> _Provided material_:

----

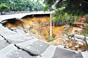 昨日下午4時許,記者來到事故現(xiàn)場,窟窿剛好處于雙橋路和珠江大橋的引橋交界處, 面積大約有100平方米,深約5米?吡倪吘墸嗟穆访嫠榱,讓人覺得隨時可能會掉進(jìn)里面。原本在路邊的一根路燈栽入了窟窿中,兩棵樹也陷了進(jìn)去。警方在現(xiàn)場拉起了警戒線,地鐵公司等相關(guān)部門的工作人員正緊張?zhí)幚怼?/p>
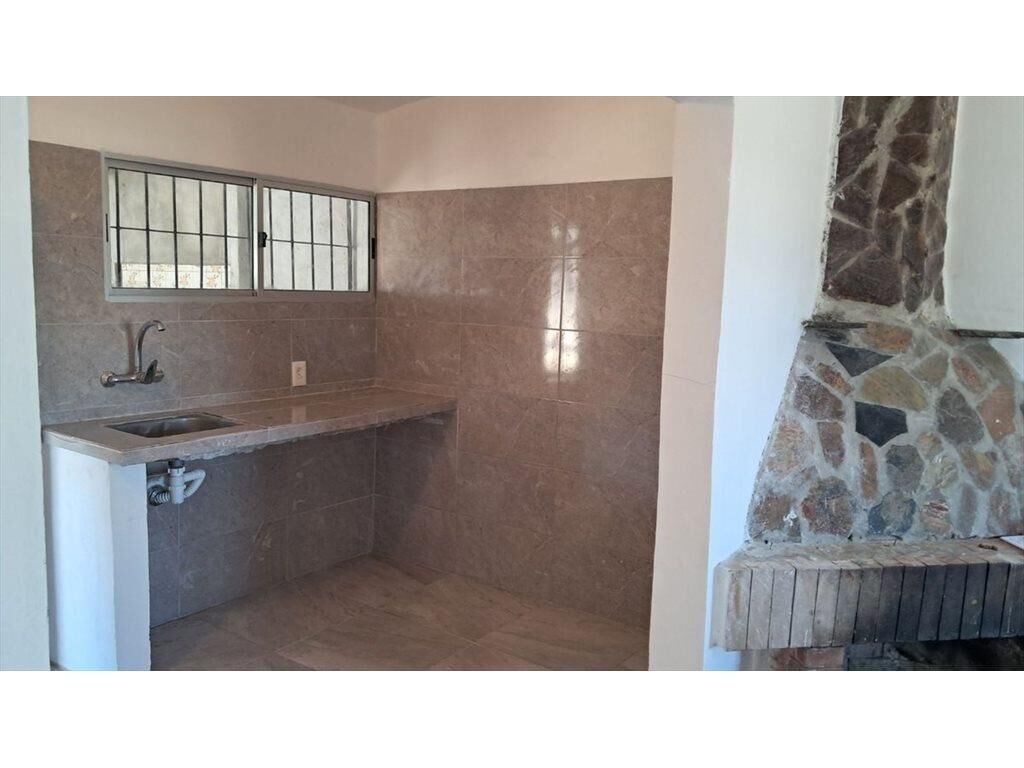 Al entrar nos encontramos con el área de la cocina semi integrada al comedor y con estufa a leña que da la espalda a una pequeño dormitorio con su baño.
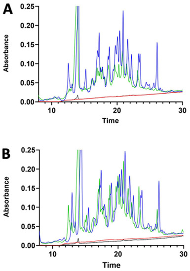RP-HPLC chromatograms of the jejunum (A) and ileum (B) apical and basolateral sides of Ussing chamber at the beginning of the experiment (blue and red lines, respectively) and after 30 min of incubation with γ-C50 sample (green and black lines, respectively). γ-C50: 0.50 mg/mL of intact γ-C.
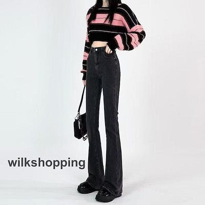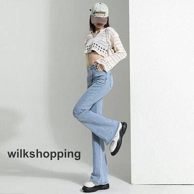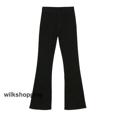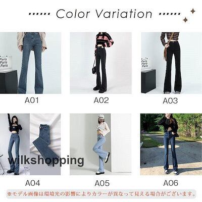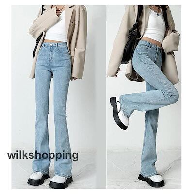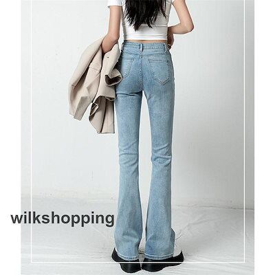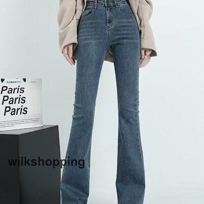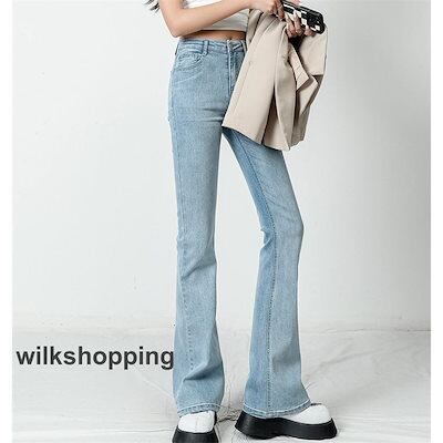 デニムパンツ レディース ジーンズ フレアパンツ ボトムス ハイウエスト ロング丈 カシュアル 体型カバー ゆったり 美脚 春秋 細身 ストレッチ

----

> _Task brief_: Omitting all pictures, retype exactly the lines from the line containing "RP-HPLC chromatograms of" down to the last line above, both ends included.

> _Answer for this exercise_:
RP-HPLC chromatograms of the jejunum (A) and ileum (B) apical and basolateral sides of Ussing chamber at the beginning of the experiment (blue and red lines, respectively) and after 30 min of incubation with γ-C50 sample (green and black lines, respectively). γ-C50: 0.50 mg/mL of intact γ-C.
 デニムパンツ レディース ジーンズ フレアパンツ ボトムス ハイウエスト ロング丈 カシュアル 体型カバー ゆったり 美脚 春秋 細身 ストレッチ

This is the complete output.